The Bishop's Palace has a moat. The moat has swans. One of the swans was on the moat when I arrived and later appeared on a "WANTED" poster pinned to a street notice board, which is the sort of detail that makes Wells what it is. The swan's whereabouts: unknown.
Film crews know it as Sandford from Hot Fuzz.
Wells — March 2024

The cathedral's west facade is carved limestone — a programme of figures in niches running from top to bottom, weathered to varying degrees depending on which direction the rain comes from. Up close the surface is complex. A Gothic arch at the main entrance, then the nave beyond it, the interior's proportions at odds with how it reads from outside.

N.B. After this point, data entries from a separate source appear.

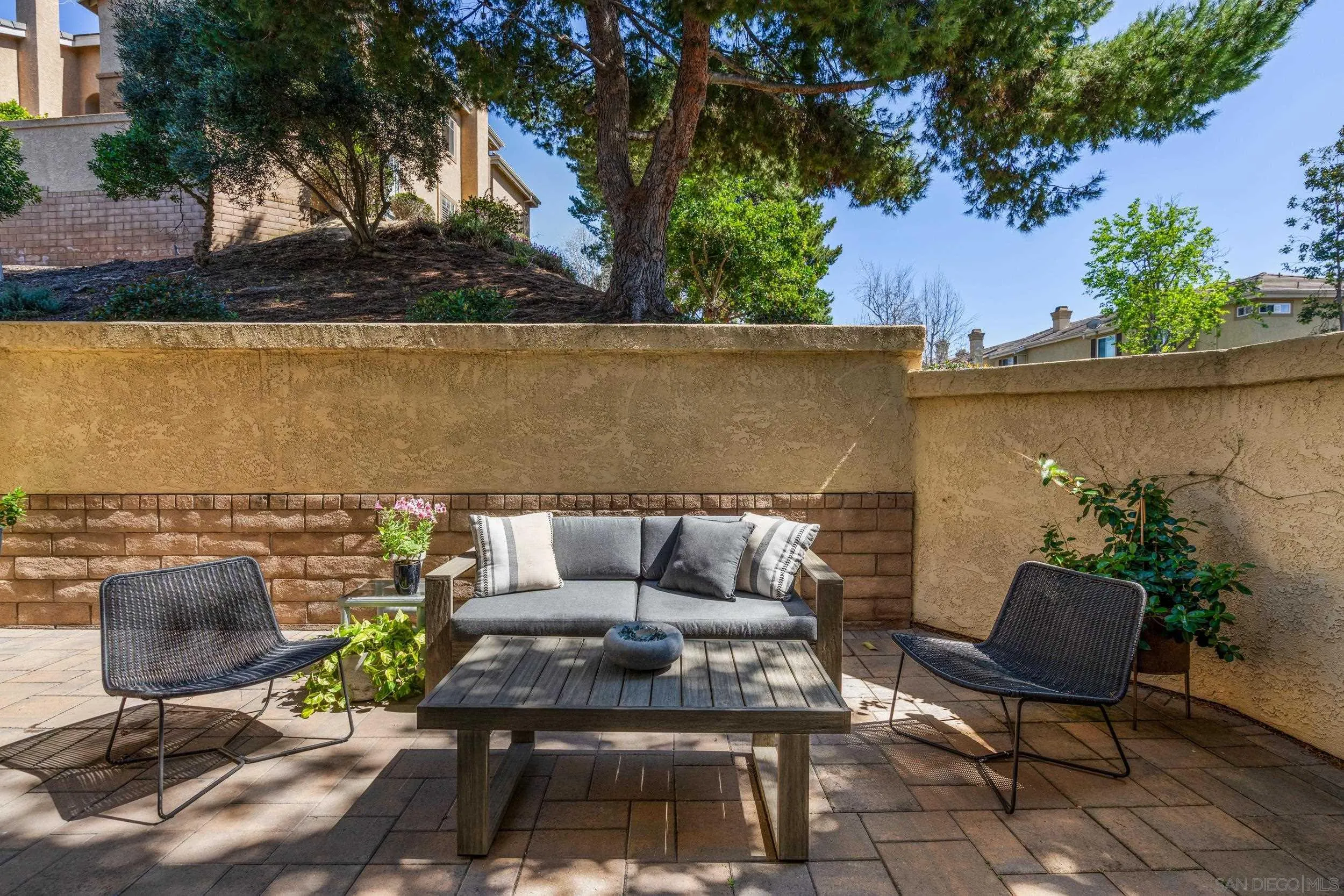 Experience the best of Carmel Valley living just minutes from the coast and everything it has to offer. This desirable 3-bedroom end-unit townhome in Château Village features soaring vaulted ceilings and abundant natural light throughout. The two-level home showcases luxury vinyl plank flooring, a new updated wrought-iron stair railing, and an open floor plan with updated fireplace. The kitchen offers shaker cabinetry, black granite countertops, and recess lighting. A new sliding patio door opens to the private patio with stone pavers and mature trees, creating a peaceful outdoor retreat with beautiful morning sun. Additional highlights include new roof, A/C, an attached two-car garage with epoxy flooring and washer/dryer. Château Village offers resort-style amenities including pool, jacuzzi, tennis courts, pickleball, and fitness center. Ideally located near top-rated schools, Torrey Pines State Reserve, the Del Mar Racetrack, and within walking distance to Del Mar Highlands Town Center and One Paseo for premier dining and shopping. This move-in-ready home presents a rare opportunity to own in one of Carmel Valley’s most sought-after walkable communities.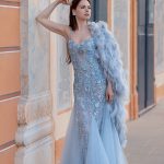 BLUE GEOMETRIC 3D FLOWER EVENING DRESS Himmlisches Blau, zarte bestickte & geometrische Spitze mit Perlen & Pailletten, funkelnde 3D Blüten mit Strass bezaubern jeden Betrachter dieses Kleides. Gekordelte Träger, die sich im Rücken kreuzen, halten dieses Kleid, das im Rücken einen kleinen Ausschnitt hat. Schmal geschnitten im Oberteil des Kleides, springt es im unteren Teil…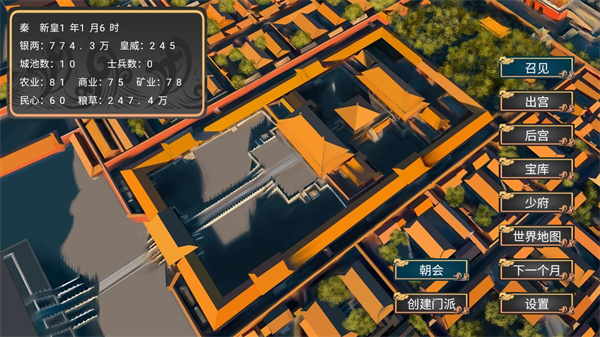 创建门派:如果你是皇帝身份,是无法创建门派,需要退位之后才能建立门派。而建立门派之后,也是可以进行朝会的,然后通过积攒门派威望,进行起义,建立新国家。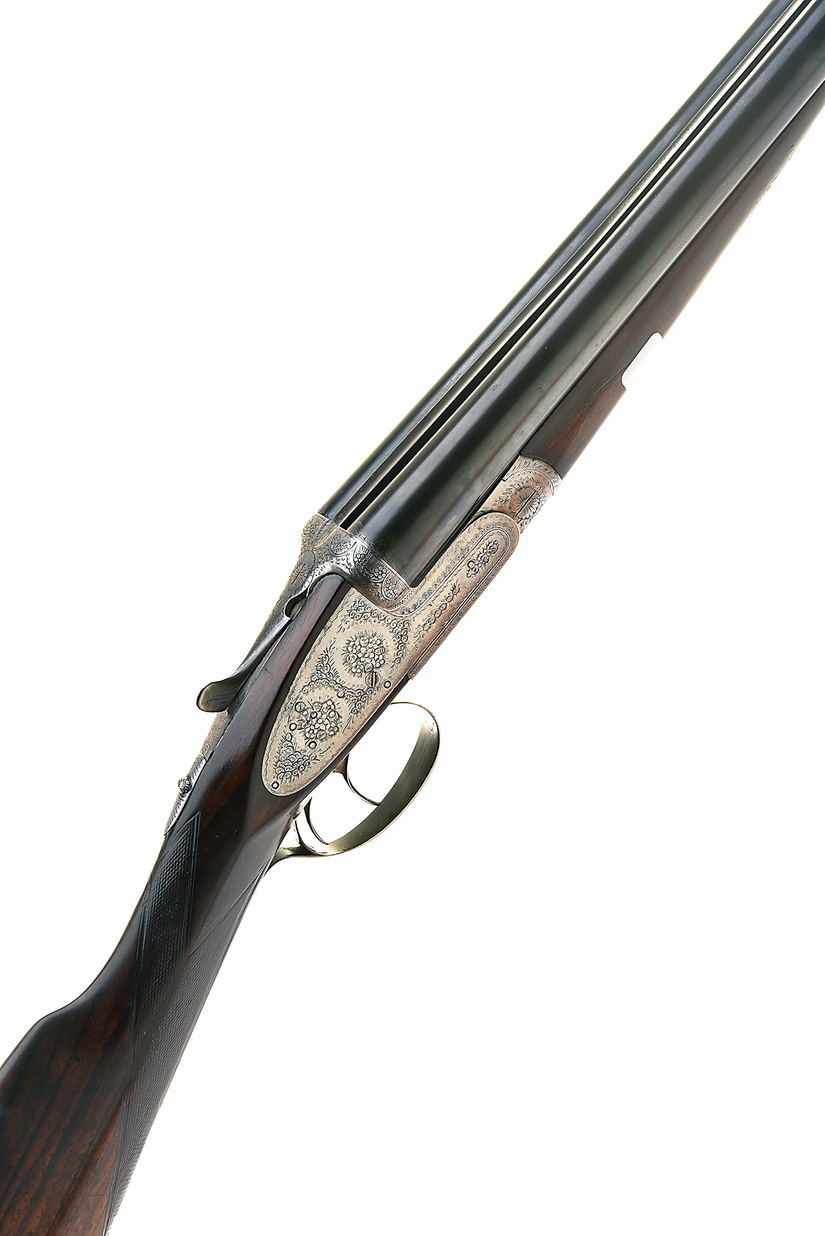 ARIETTA SIGNED COCHRANE 12-BORE SIDELOCK EJECTOR, serial no. 7590, for 1962, 26in. nitro chopperlump barrels, the rib engraved 'J ANDREW COCHRANE WISBECH', 2 3/4in. chambers, bored approx. imp. cyl. in both (possibly shortened), treble-grip action with hidden third bite, removable striker discs, automatic safety, articulated front trigger, floral and scroll engraving, bright finish, 15 3/8in. stock (slight sweep at comb) including 2in. wooden extension, crack to fore-end wood, weight 6lb. 8oz., in a nylon slip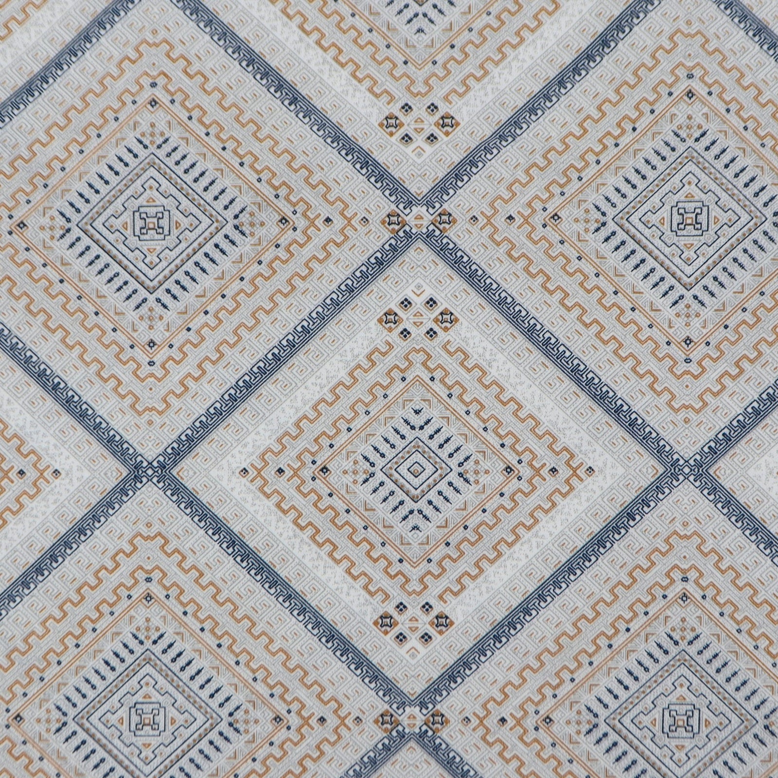 This Tribal Diamond Poplin Fabric features a bold geometric layout inspired by traditional tribal motifs. Repeating diamond formations are arranged in a precise, symmetrical pattern, enhanced with fine linear and ornamental detailing. The structured design creates a visually striking surface that balances heritage-inspired aesthetics with modern geometric clarity.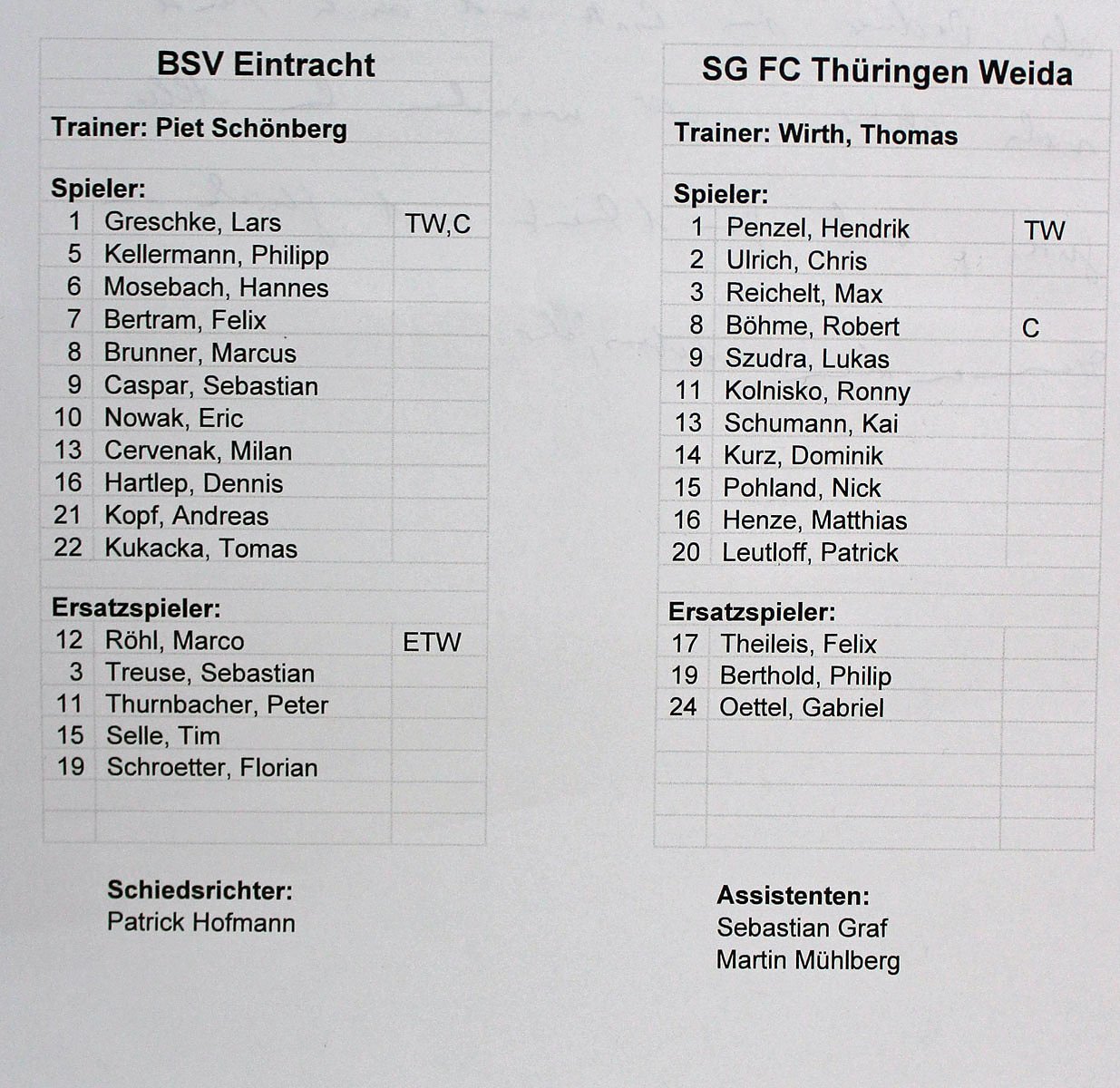 Und so spielte man. Gewechselt wurde auch. In der 62. Minute kam Florian Schötter für Dennis Hartlepp, in der 84. Minute Tim Selle für Sebastian Caspar und in der Nachspielzeit Peter Thurnbacher für Milan Cervenak, um noch etwas Zeit zu "schinden". Die Gäste wechselten in der 74, Minute Gabriele Oettel für Torschütze Dominkk Kurz und in der 79. Minute Philip Berthold für Max Reichelt.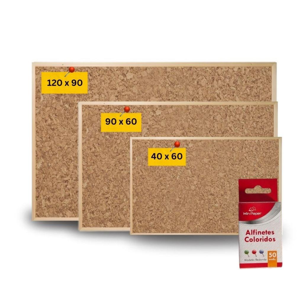 Quadro de Cortiça Luxo Souza 60x40 90x60 120x70 Avisos Lembretes + 50 Alfinetes Grátis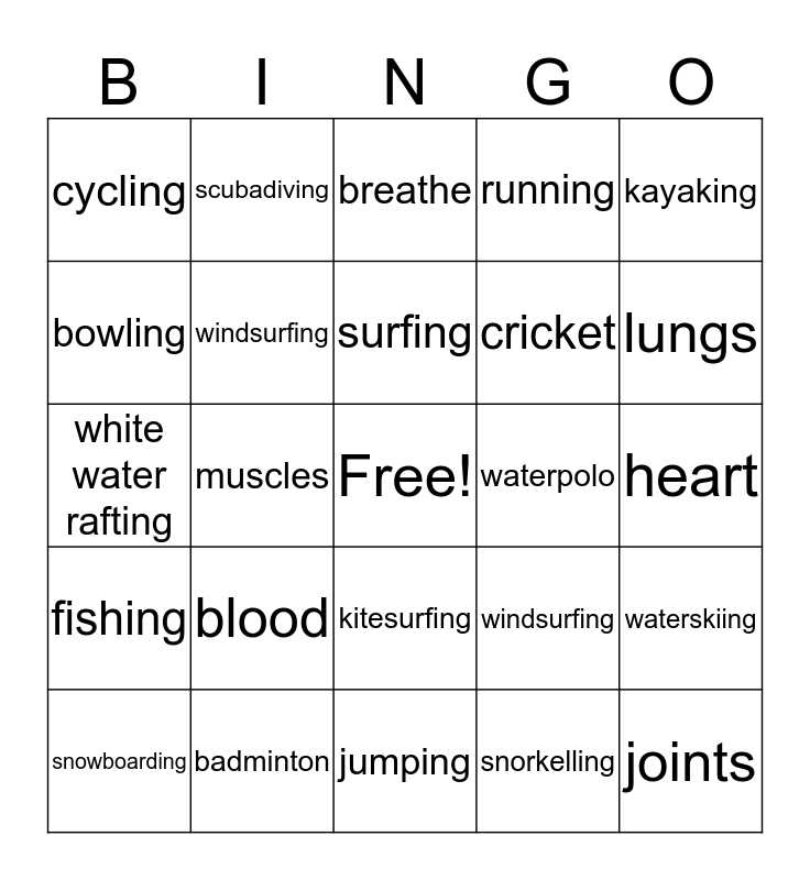 This bingo card has a free space and 24 words: blood, badminton, surfing, snowboarding, kayaking, cycling, bowling, scubadiving, waterpolo, kitesurfing, cricket, white water rafting, windsurfing, waterskiing, windsurfing, snorkelling, heart, breathe, lungs, muscles, joints, fishing, running and jumping.
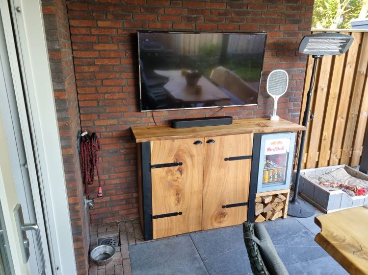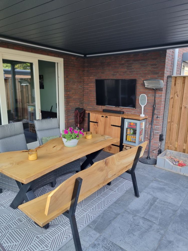 Laatst leverden we een prachtige set aan een gewaardeerde klant: een houten bank en tafel, harmonieus vergezeld door een bijpassende tv-kast waar ook ruimte is gemaakt voor een koelkast.
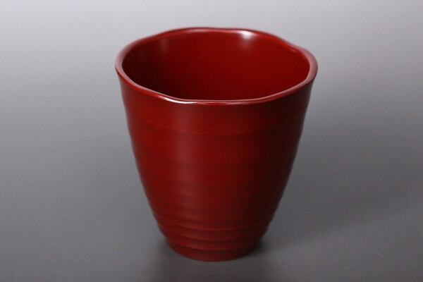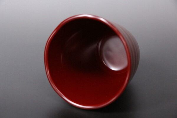 口当たりが柔らかく保温性があります。波紋のようなフォルムは持つ手になじみ使いやすい。古代朱、溜の2色掲載しております。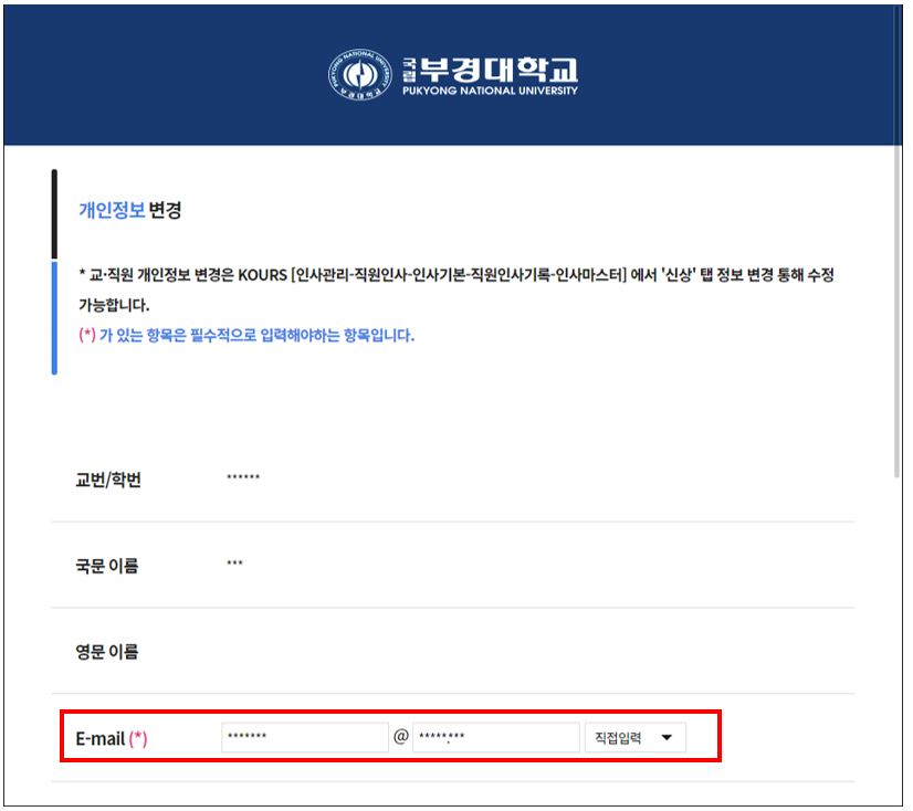 * KORUS 운영 정책상 데이터 수정 후 학사행정정보시스템 데이터 연동까지 10분정도 시간 소요됨 - ※ 네이버 계정과 연동 원하는 경우, 네이버 최상단 이메일을 이메일(학내, pknu.ac.kr)로 등록거나 이메일(외부)로 등록하여 연동 가능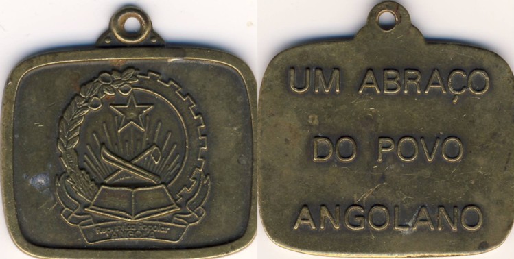 Angolaner scheinen Medaillen zu lieben. Auch auf den ersten Jahrestag der Republik wurde einen Medaille mit dem Präsidenten herausgegeben. Die Machart erscheint mir wenig europäisch, vielleicht wurde sie ja sogar in Angola selbst hergestellt ...

The cloisters and the grounds of the Palace are accessible from the street.


The streets around the cathedral are stone — Georgian houses in red-gold limestone, terraces with the cathedral spires appearing above rooflines at odd angles depending on where you're standing. A wooden gate in a stone wall has a chain latch and ivy filling the gaps in the mortar beside it.

Small-city quietness. Market towns have more life. Wells has the cathedral and it is enough. Film crews know it as Sandford from Hot Fuzz. On the ground you can see exactly why they chose it.